New, bipartisan identity theft and cyber crime bill proposed
As cyber crime and identity theft increase, two veteran legislators, who have collaborated in the past on data privace issues, propose tough new measures to counter cyber malfeasance
Senate Judiciary Committee chairman Patrick Leahy (D-Vermont) and ranking member Arlen Specter (R-Pennsylvania) have introduced the bipartisan Identity Theft Enforcement and Restitution Act of 2007 to give federal prosecutors important new tools to combat the growing problem of identity theft and cyber crime. Leahy and Specter first introduced comprehensive data privacy legislation in 2005, and the Judiciary Committee has twice approved the Leahy-Specter Personal Data Privacy and Security Act (S. 495), most recently in May.

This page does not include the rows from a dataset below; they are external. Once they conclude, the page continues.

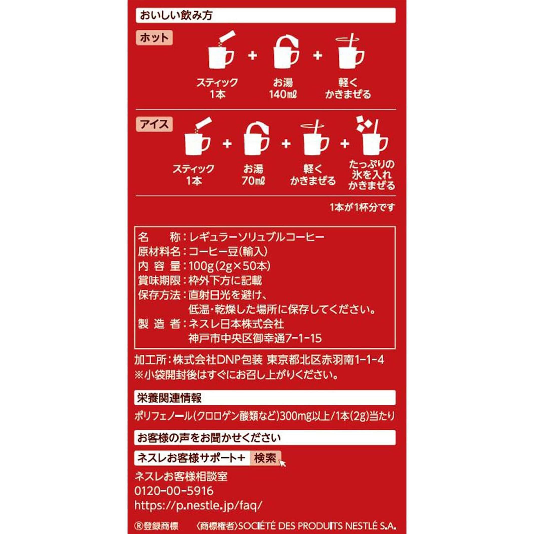 飲み方:【ホットコーヒー】 約2g(スプーン1~2杯)+お湯140ml【カフェラテ】約2g(スプーン1~2杯)+「ネスレブライト」3gまたは牛乳30ml+お湯140ml【アイスコーヒー】約2g(スプーン1~2杯)+お湯70ml+氷2~3コ(70ml分)
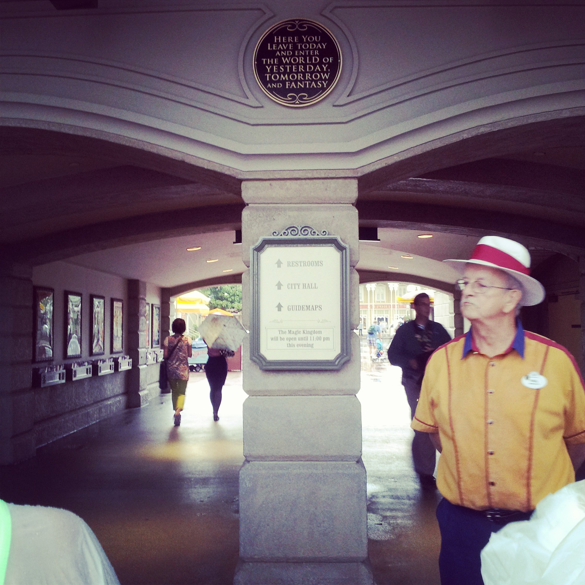 It was raining once again so I made sure to take my umbrella. Turns out Shari isn’t a fan of people like me carrying umbrellas in the parks…hee hee. But while we stood waiting for the park to open, I started getting tired of holding the umbrella up. On my last trip, it didn’t rain enough for me to have to hold the umbrella for a long time and I didn’t really think about that when I opted to take my umbrella and leave all of my rain ponchos at home. It didn’t take long for me to realize that it was going to be raining all day and I knew I wasn’t gonna want to tote the stupid umbrella around all day. So, despite the fact that I had more than one poncho at home (and I really didn’t want to add to that collection), I went ahead and got both of us Disney Parks rain ponchos. It was raining too much for them to do the opening ceremony that includes characters, the Walt Disney World Railroad and a Family of the Day, so I took some photos while we waited to get into Magic Kingdom.
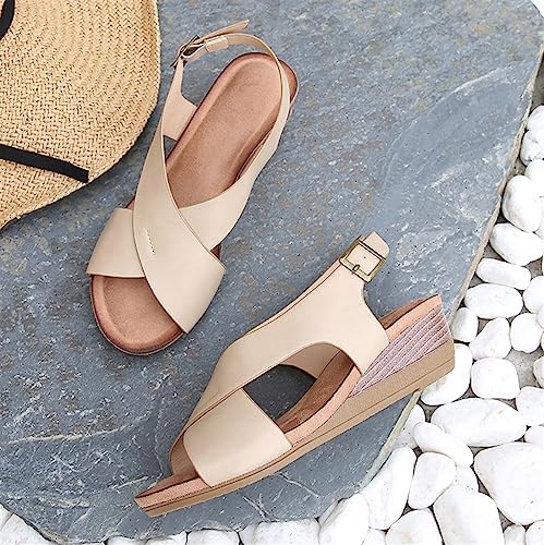 Crossover Wedges Rome Sandals for Women's Lady Simplicity Lightweight Anti Slip Dress Shoes with Arch support Adjustable Buckle Slip On Slipper
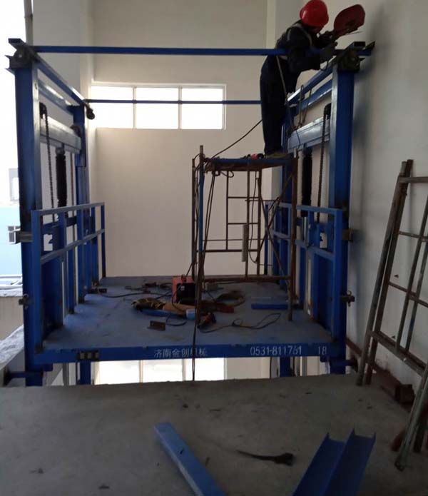 液壓升降貨梯生產(chǎn)制造廠家-濟南金創(chuàng)機械制造有限公司,為威海客戶定做的升高13米,載重5噸的導(dǎo)軌鏈條式液壓升降貨梯,嚴(yán)寒天氣下,經(jīng)過安裝師傅加班加點的努力,昨天下午通過了客戶方的驗收工作。
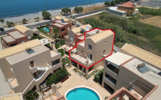 In einem Wohnkomplex am Meer in Maleme, Kreta, gelegen, bietet dieses Maisonette-Haus mit drei Schlafzimmern ...
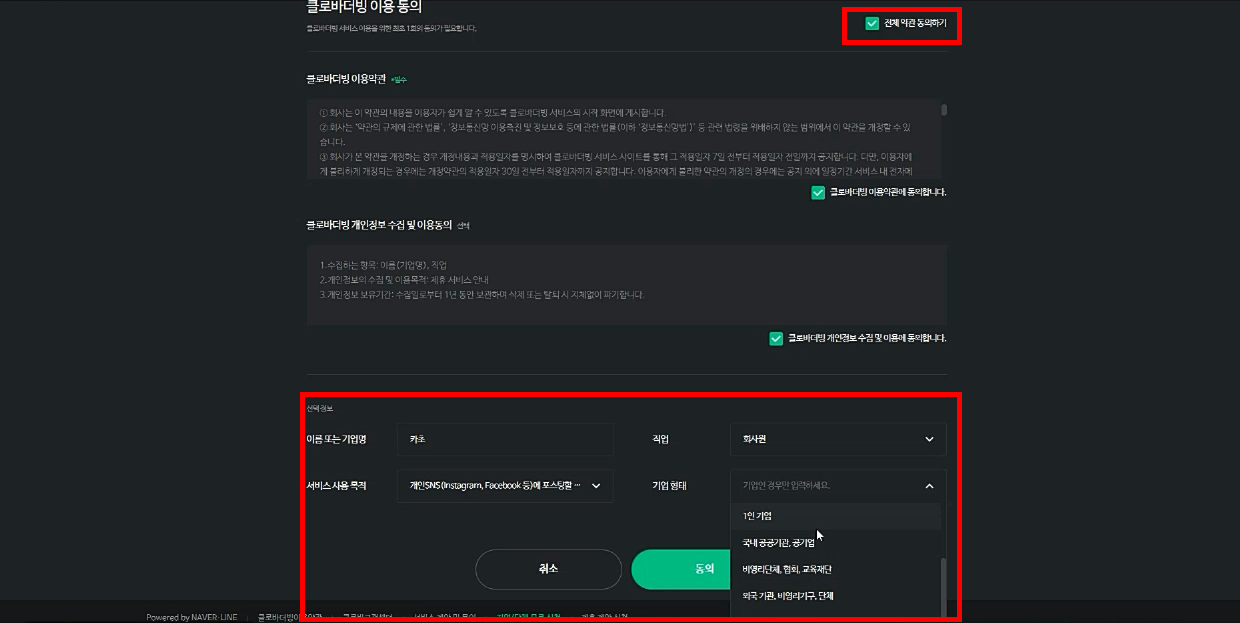 이제 클로바더빙 이용 동의 화면이 출력됩니다. 전체 동의하기 체크박스를 선택하고, 이름, 직업, 서비스 목적, 기업형태 등의 정보를 입력하고, 동의 버튼을 클릭합니다.
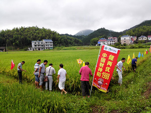 2017年9月11日上午,呼吸著雨后清新的空氣,德興市繞二鎮(zhèn)江灣村,一塊彩旗飄飄的田埂上人來人往,好不熱鬧,究其因,原來是財神稻又在展現(xiàn)她的傲人風采。
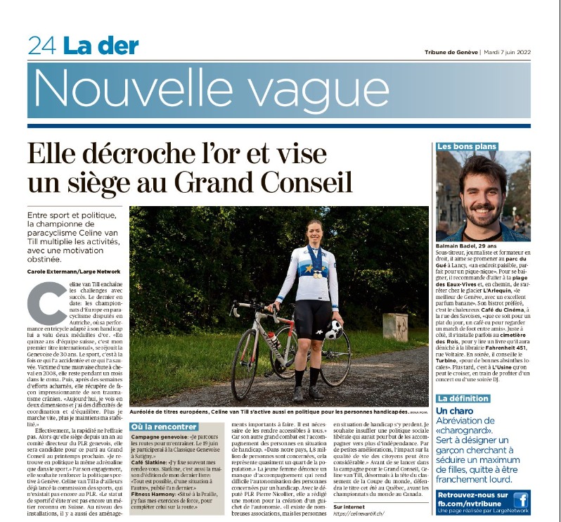 Sa mission ? Aider. Elle est engagée pour défendre les intérêts des personnes en situation de handicap et veut oeuvrer pour notre société. Elle donne des conférences en entreprise et mène sa carrière sportive de front. Celine inspire par sa détermination à toute épreuve et veut la transmettre au plus de personnes possible.
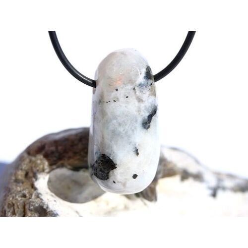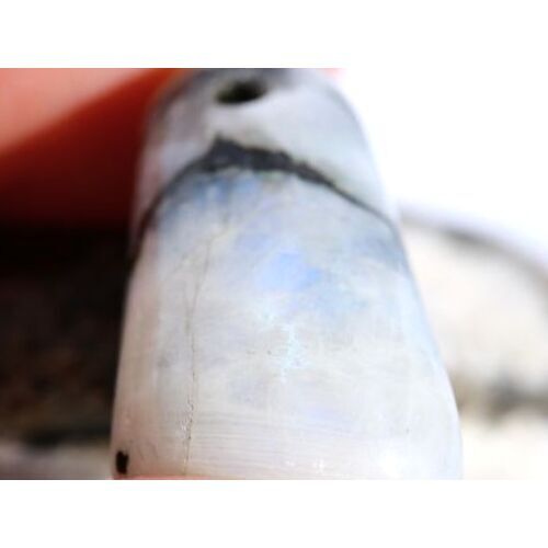 Regenbogenmondstein "Schimmer" XL Trommelstein gebohrt (Labradorit weiß) - Sonderqualität - ca. 3,7 cm x 1,7 cm x 1,9 cm
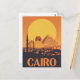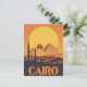 This vintage-style card showcases a striking illustration of the Cairo skyline at sunset. It beautifully combines the ancient wonders of the Pyramids and the Sphinx with the modern cityscape and its minarets. The bold, sun-drenched color palette and retro typography give it a classic, timeless feel, making it an ideal card for a traveler or a lover of history and world culture.
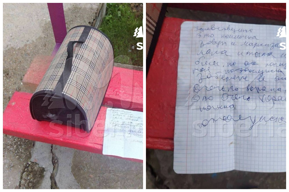 Фото переноски и записки на лавочке опубликовал телеграм-канал Mash Siberia.
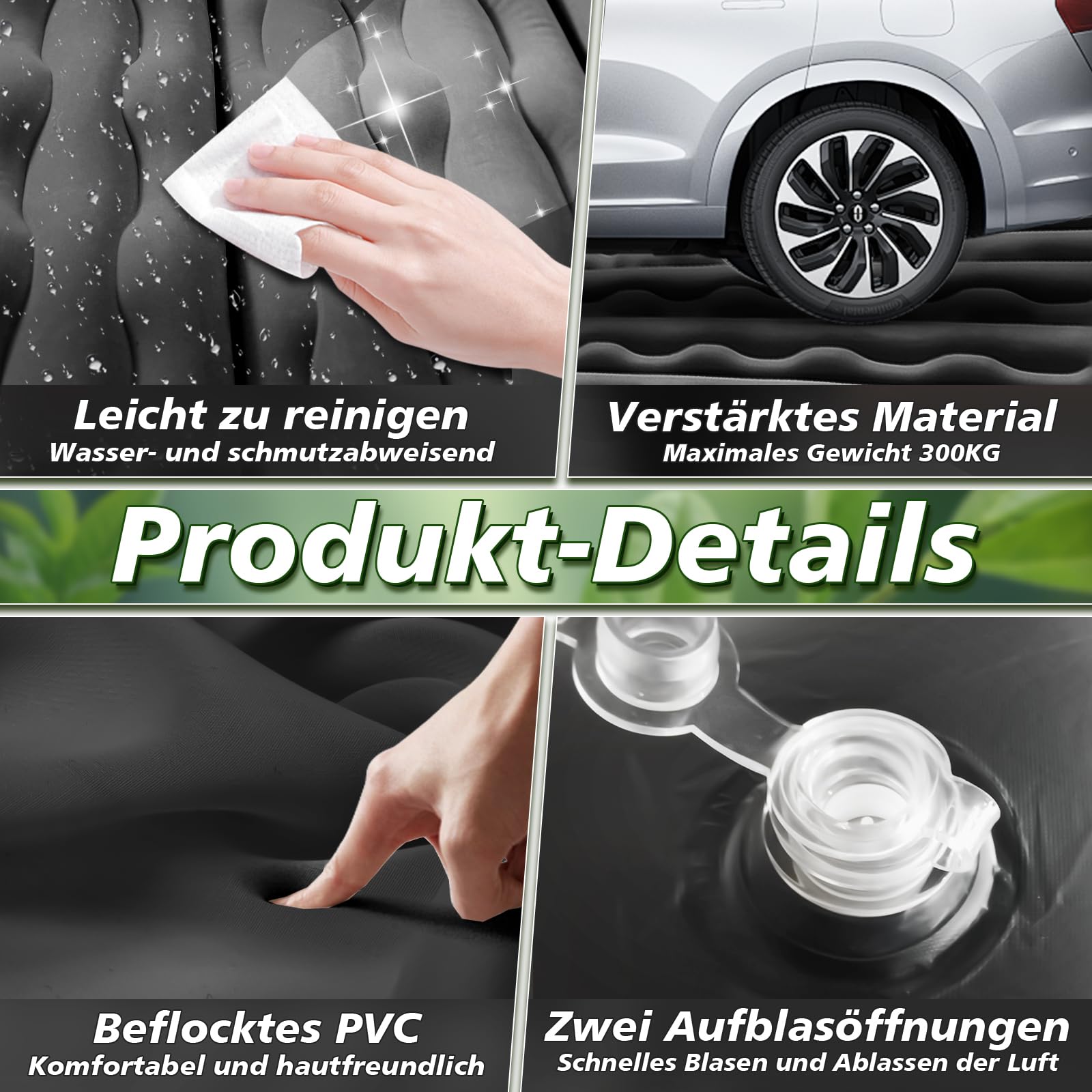 🌈【Quick Inflation】: The SUV car mattress comes with an air pump and 3 types of funnels for inflation, with a double air valve to ensure easy handling during inflation and deflation. With the air pump, the air mattress can be inflated or deflated in just 5-8 minutes and adjusted to the desired firmness.
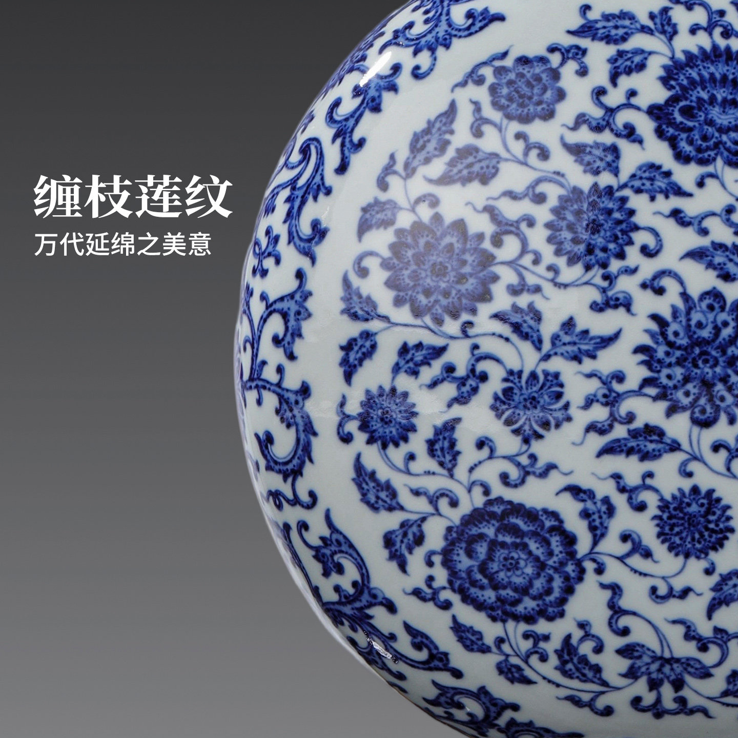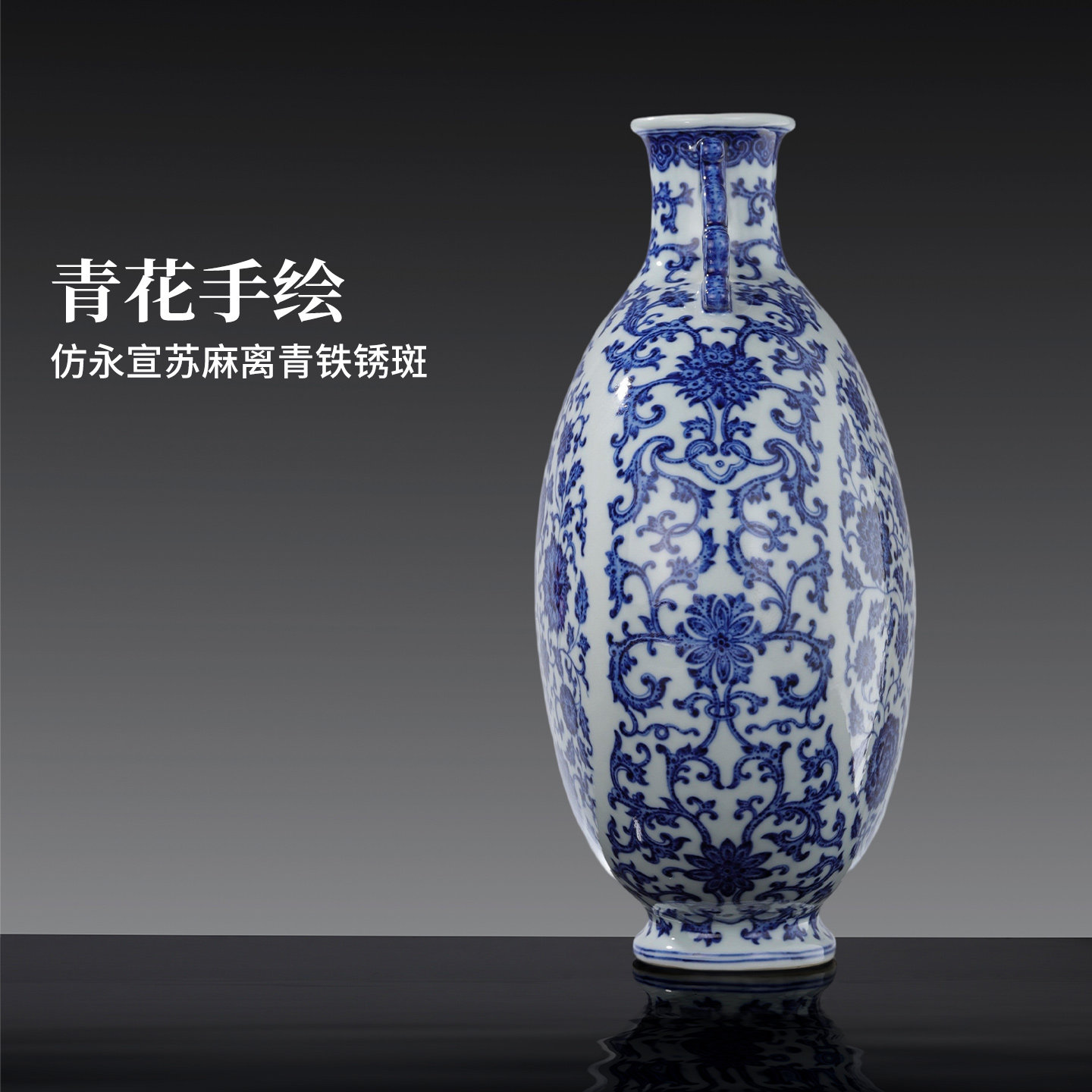 景德镇官方陶瓷手工青花瓷中式缠枝花卉纹仿古抱月瓶摆件高端送礼

Their new bill builds on earlier efforts to protect Americans’ privacy. The Identity Theft Enforcement and Restitution Act of 2007 would:
* Give victims of identity theft the ability to seek restitution for the loss of time and money spent restoring credit and remedying the harms of identity theft
* Expand the jurisdiction of federal computer fraud statutes to cover small businesses and corporations
* Eliminate the prosecutorial requirement that sensitive identity information must have been stolen through an interstate or foreign communication and instead focuses on whether the victim’s computer is used in interstate or foreign commerce, allowing for the prosecutions of cases in which both the identify thief’s computer and the victim’s computer are located in the same state
* Make it a felony to employ spyware or keyloggers to damage ten or more computers regardless of the aggregate amount of damage caused, ensuring that the most egregious identity thieves will not escape with a minimal, or no, sentence
* Eliminate the requirement that the loss resulting from damage to a victim’s computer must exceed $5,000; under this bill violations resulting in less than $5,000 damage would be criminalized as misdemeanors
* Add the crime of threatening to obtain or release information from a protected computer to the definition of a cyber crime and expands the definition of a cyber crime to include demanding money in relation to a protected computer, where the damage to the victim computer was caused to facilitate the extortion. By expanding this definition, violators of this provision are subject to a criminal fine and up to five years in prison.